XXII NIEDZIELA ZWYKŁA

                              (Ps 15,1-5)              
                                              Prawy zamieszka w domu Twoim, Panie.
  
       Jezus w polemikach z faryzeuszami i uczonymi w Piśmie „punktuje” ich za fałszywą religijność. Zobaczmy krótko, co im (a może i nam) zarzuca. Najpierw niekonsekwencję, hipokryzję, brak równowagi między czynami a sercem, oddzielanie sfery zewnętrznej od wewnętrznej, separację serca od moralności i prawa. Faryzeusze dają Bogu różne dary, głównie materialne, czyli tak zwaną „dziesięcinę” (dziesięć procent przychodów), a pomijają istotę – sprawiedliwość, miłosierdzie, miłość. To, co zewnętrzne jest dla nich ważniejsze od wnętrza. Jezus podkreśla, że najważniejsze jest wnętrze, serce. W religii nie chodzi o jedzenie, co się je, czy pokarmy „czyste”, czy „nieczyste”, ale kim się jest, jak się żyje.
    Jezus również mówi w Ewangelii, że pokarm, który człowiek je, nie czyni go nieczystym. Ważniejsze jest wnętrze. W sercu człowieka rodzi się grzech i czyni go nieczystym. O wartości duchowej człowieka nie świadczy wiec to, co zjada, z kim się spotyka, jak ubiera, czego dotyka. O wartości człowieka decyduje to, co myśli, czego pragnie, do czego dąży. To wnętrze człowieka, całe jego piękno i życie duchowe świadczy o czystości.

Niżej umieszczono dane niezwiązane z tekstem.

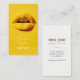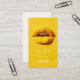 Ces cartes de visite élégants et à la mode présentent des lèvres 3D jaunes contre un fond jaune cool. Le dos de la carte comprend un ensemble contemporain de polices au charbon de bois, contre un arrière - plan léger en ivoire. Le design est saisissant et mémorable et fera une impression durable. Cette carte est pour le minimaliste moderne dans l'industrie créative. Les variantes sont disponibles dans d'autres combinaisons de couleurs.

     Czy nie jestem formalistą i hipokrytą? Co stanowi o mojej wartości i godności? Czy nie dzielę    ludzi według sposobu ubierania się, jedzenia, posiadanych wartości materialnych itp.
     W życiu duchowym ważna jest motywacja. Można czynić wiele, ale z przyczyn egoistycznych, z lęków, by się dowartościować, być kimś w oczach innych. Takie czyny mają niewielką wartość. A można dać Bogu niewiele, „grosik” jak uboga wdowa (por. Mk 12, 41), ale z całego serca, dla Niego i to przewyższa wielkie ofiary i dary.
      Czy moje życie nie cechuje próżność, ostentacja i niezdrowe ambicje? Komu chcę się bardziej przypodobać - Bogu czy ludziom?
                      Zabierz Panie, i przyjmij całą moją wolność, pamięć moją, mój rozum i całą moją wolę, wszystko, co mam i co posiadam. Ty mi to Panie dałeś, Tobie to zwracam. Wszystko jest Twoje. Rozporządzaj tym według Twojej woli. Daj mi tylko miłość Twoją i łaskę, a to mi wystarczy.